AIChatAgent and Think now arm a scheduled cleanup alarm whenever a stream starts and whenever it finishes (completes or errors). Arming on start guarantees that a stream whose DO is evicted mid-flight and never reaches a finish still gets a future sweep instead of leaking. This is the safety net for the non-durable path (e.g. chatRecovery: false, the AIChatAgent default): those turns don't run inside runFiber, so there's no leftover keepAlive alarm and no fiber-recovery scan, and if the client never reconnects nothing else wakes the DO. (Durable runFiber turns already self-heal — the keepAlive alarm survives eviction, wakes the DO, and recovery finalizes the stream, which arms cleanup — so arming on start is belt-and-suspenders there.) The alarm sweeps aged buffers via the retention windows below and re-arms only while reclaimable rows remain, so a fully-swept DO stops waking itself. Arming is idempotent so high-turn-count chats never accumulate cleanup schedules; the in-callback re-arm uses a fresh (non-idempotent) row so it survives the one-shot deletion of the firing schedule.

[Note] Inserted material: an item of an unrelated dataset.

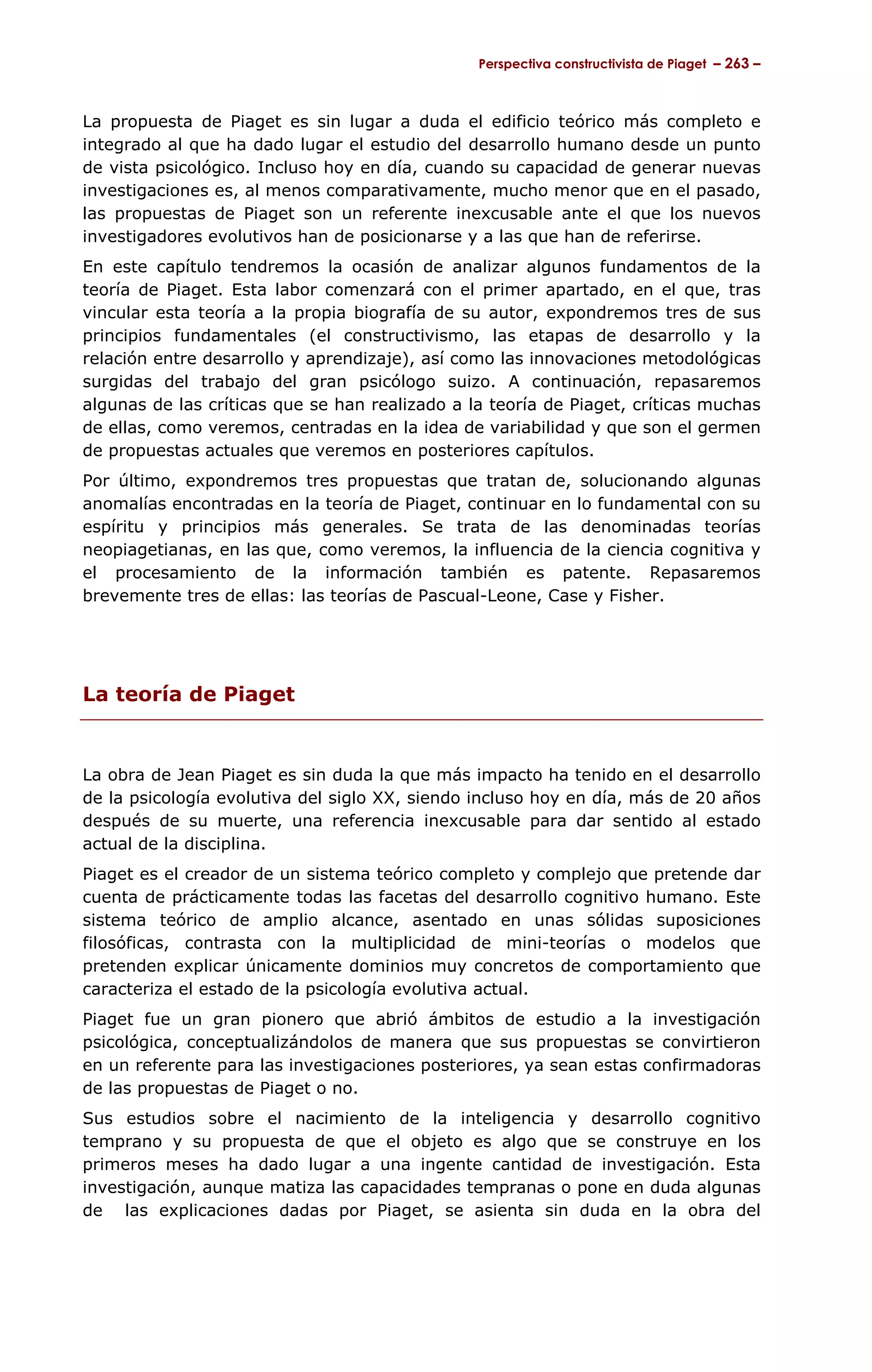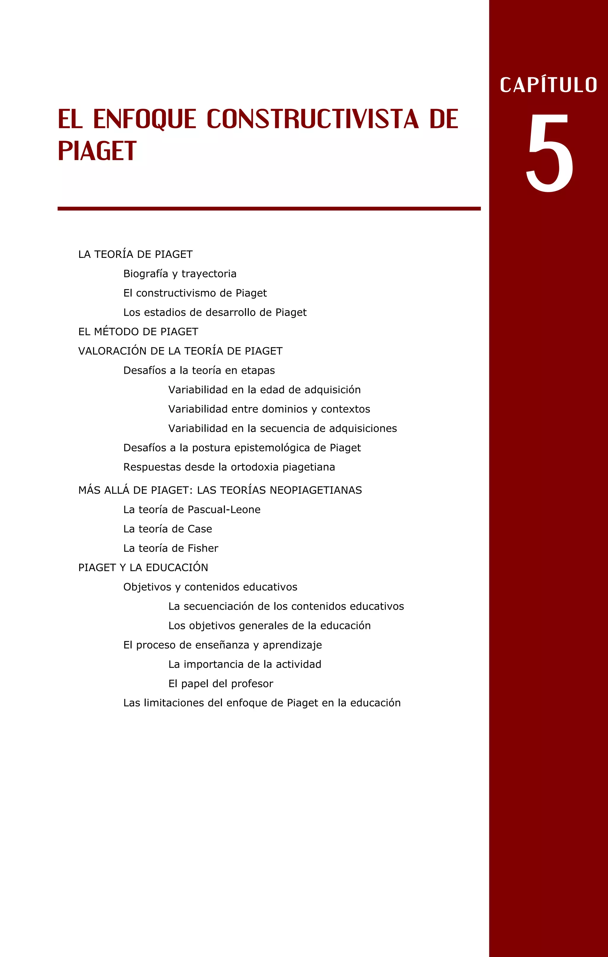 El documento resume la teoría del desarrollo cognitivo de Jean Piaget, incluyendo su biografía, los principios fundamentales de su enfoque constructivista y de las etapas de desarrollo, las críticas a su teoría y teorías posteriores influenciadas por él. Piaget fue un pionero cuya teoría del desarrollo en etapas ha tenido un gran impacto y sigue siendo una referencia importante a pesar de recibir algunas críticas sobre su enfoque de las etapas y su postura epistemol

No per-turn Durable Object and no change to the session DO lifecycle are required.
Retention is now split into two short, purpose-specific windows instead of a single 24h threshold: completed/errored buffers are kept for a brief 10-minute reconnect-and-replay grace (the assistant message is persisted separately, so the buffer is only needed to replay a just-finished stream or deliver a terminal error frame to a reconnecting client), while abandoned in-flight (streaming) rows are kept for 1 hour so an interrupted turn has ample time to be resumed or recovered before its buffer is presumed dead. The abandoned-row sweep keys off last chunk activity rather than stream start time, so a long-running stream that is still emitting chunks is never reclaimed mid-flight.
ResumableStream gains cleanup(now?) (force a sweep, bypassing the lazy interval gate) and hasReclaimableStreams() to support alarm-driven cleanup.
#1713 18c438b Thanks @threepointone! - Support client tools on the Think sub-agent chat() RPC path (#1709)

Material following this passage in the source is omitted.